Unfortunately, he says, counter to this notion, ageism is real thing. Culturally, just look at how birthday cards so often lament the idea of getting ‘over the hill’, as though it were some fault of the individual in question. More practically, one survey, by the American Association of Retired People, found that a large majority of people over the age of just 45 say they’ve either been personally affected by, or know of age discrimination occurring at their workplace – discrimination which is notoriously hard to prove but which has serious impact: a 2019 study shows the chances of someone over 50 who loses their job earning the same salary in their next job are virtually nil.

Capitalising on Ageism

And then there is the more every day, subtle ageism found, for example, in comments about succession – the idea that older people should move aside to make way for younger people; consumption – that they shouldn’t consume so many scarce resources, the likes of health care – a horrendous notion that surfaced during the Covid pandemic; identity – countering that older people shouldn’t ‘act’ young; or even simply in an open questioning of older people’s relevance.

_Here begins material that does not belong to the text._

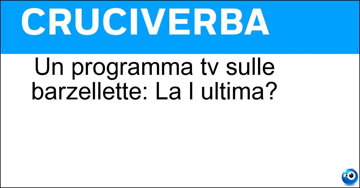 Nei cruciverba e nelle parole crociate, la definizione "Un programma tv sulle barzellette: La l ultima?" corrisponde a una soluzione formata da 3 lettere. È un quesito ricorrente nel mondo dell’enigmistica, presente con frequenza sia nelle griglie stampate sia nei giochi digitali dedicati agli appassionati.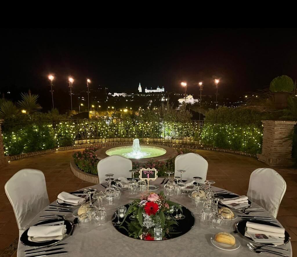 Más que un simple espacio para eventos, el cigarral es una joya arquitectónica restaurada, con jardines exuberantes, terrazas con luz natural y salones que permiten imaginar cada momento de vuestra boda tal como siempre lo habíais soñado. Ya se trate de una ceremonia al aire libre con el sol acariciando el paisaje o un banquete elegante con vistas al casco histórico, el entorno tiene ese punto romántico que hace que cada foto y cada recuerdo destaque.

‘The narrative is that to age at all is in some way to fail, that the imperative is for us to always work to look and act like younger versions of ourselves,’ reckons Ashton Applewhite, the Emmeline Pankhurst of anti-ageism campaigning and author of the must-read This Chair Rocks: A Manifesto Against Ageism (Melville House Publishers). ‘It’s an idea that’s fuelled all the time, that much of what we think about ‘old age’ is flat out wrong. And yet society is structured to encourage those fears. If ageing is framed as being a problem, then we can be suckered into buying products to ‘fix’ it.’

elderly man having botox
The multi-billion dollar market for anti-ageing exists on the premise that ageing is a problem to be fixed

All of this, of course, helps drive big business. Most obviously, there is a huge beauty industry predicated on ‘solving’ the ageism crisis – one worth some $58bn a year. In fact, most beauty products are about hiding, or, if claims are to be believed, turning back, the signs of ageing. Yet for many consumers, including the boomer generation that grew up with second wave feminism, and the younger generations keen on celebrating diversity in all its forms, the ‘spend to stay young’ message may more and more be regarded as tone-deaf, especially to a market increasingly enthusiastic about cosmetics as a form of self-expression, or as a form of maintaining good health, rather than as a means of disguising one’s age. 

Escalating rates of cosmetic surgery, notably among those still in their 20s –with liposuction, eyelid surgery, tummy tucks and facelifts among the top six most popular procedures now – suggest that turning the tide against it asa quick fix against ageing will not be easy. The idea that faces can become more interesting as they age is not something that can easily be sold against.

But does this mean ageism will be with us for a long time, side lined as somehow insufficiently politically edgy to warrant the street protests that sexism and racism can bring on?

On the one hand, psychologist Ronald Bracey has noted, as generational interests blur, and there are more people refusing to conform to age stereotypes, their dress, interests, and lifestyle choices, become age neutral.

On the other hand, so much of the culture we absorb continues to celebrate youth as an ineffably desirable quality rather than as just a phase of life which, like it or not, passes.

Many people are refusing to conform to age stereotypes as they get older

Yet Applewhite is positive. She insists that a more truthful attitude to ageing can be achieved, akin to advances made over recent decades against sexism and racism, through what she calls ‘a kind of consciousness raising, both among those who look on others as old but also those who think of themselves as old.

‘It often is more a matter of them [the latter] standing up and refusing to feel as society tells them they should, when they don’t feel useless/sexless/unable – insert your negative term here,’ she says, ‘because basically our attitudes to old age now have been made up. But we can un-make them.’